Becoming a mother: psychological initiation experience

“It’s hard to get through”

Give a hungry man a rod – not a fish!

Proverb

I received an email from Marina who was my client for three years:

– Rimma, I’m pregnant! I’m so grateful to you every day of my life!

I rejoiced when I read this: yay-yay-yay! At last! I knew it would happen! But then I remembered that Marina left her husband two weeks ago. I tapped on the keyboard excitedly:

– Marina, but who is the father? – and then I remembered I had forgotten to congratulate her, I wrote hurriedly: – I’m so happy for you anyway, congratulations!

– Thanks. It’s my husband. I try to keep it a secret. I had stopped myself from writing to you three times, but then I did it anyway.

Of course one wants to share their joy. I also feel tempted to boast that I was part of this miracle. My bad, I know this is not the right thing to do. We, psychotherapists, create conditions so that the client could increase the level of their consciousness, but nothing is guaranteed. It’s their work, their choice, their life, not ours. However, when my clients have breakthroughs like this – this is my reward for the contribution I made. I rejoice together with Marina and I recall what happened three years ago.

It was the first day of personal-growth workshop. Participants introduce themselves and told whatever they thought fit about themselves to the group. Marina was thirty-four, styled, red-headed, she told about her achievements and then she stopped abruptly when she came to the issue of being a mom, her face turned red. Her husband and her had been married for more than ten years, but couldn’t have a baby. To my question: “What stands in the way?” Marina snaped at me with her brown eyes wide open:

– Why? Should I go into medical stuff?!

I’m not surprised by this kind of reaction, it’s rather typical. Our people go in therapy when all traditional ways of solving the problem didn’t work. They wasted a lot of their time, felt a lot of pain and suffered a lot, spent a lot of money. My question takes them back to square one where they started, so it is viewed as being arrogant and they feel irritated and even angry.

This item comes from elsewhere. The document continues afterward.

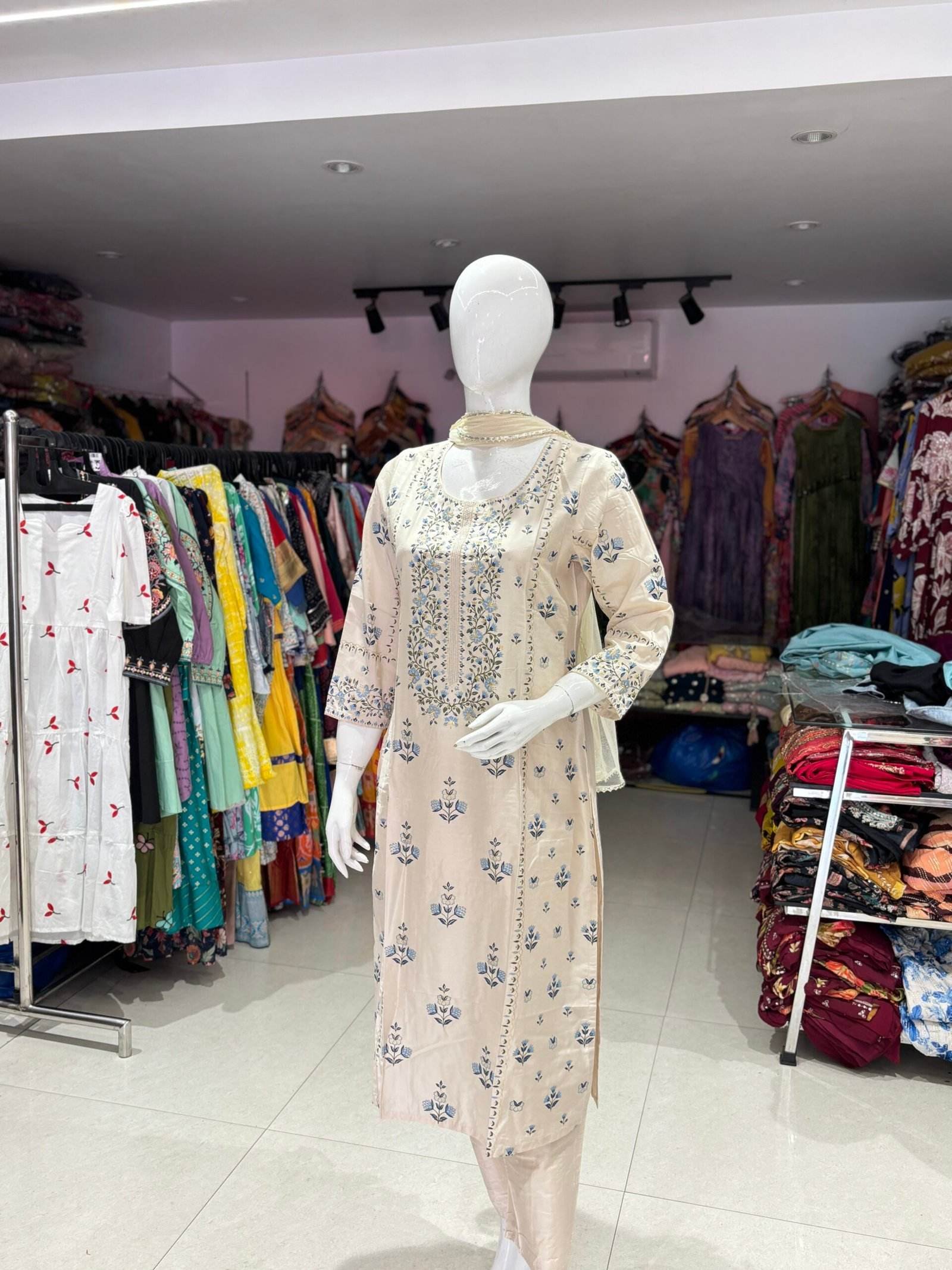 - Fabric: Typically Tissue Silk for the salwar and dupatta, and Art Silk for the straight pants.

Difference between patient and client

People are so dependent on doctors, medical research, vaccines, and their faith in pharmaceuticals; and so afraid to take responsibility for their own lives.

Tatyana Demidova

Why do I think the medical approach doesn’t always work? For starters, when dealing with doctors, a woman is called a patient. The word patient comes from Latin ( patiens – one who has to be patient, to suffer) meaning a person undergoing medical observation or some kind of treatment because of some disease. Apart from the emotional component (suffering) the word patient has another one, and this is a person being passive, treated like an object. This way a person is supposed to wait while someone does something to change the situation.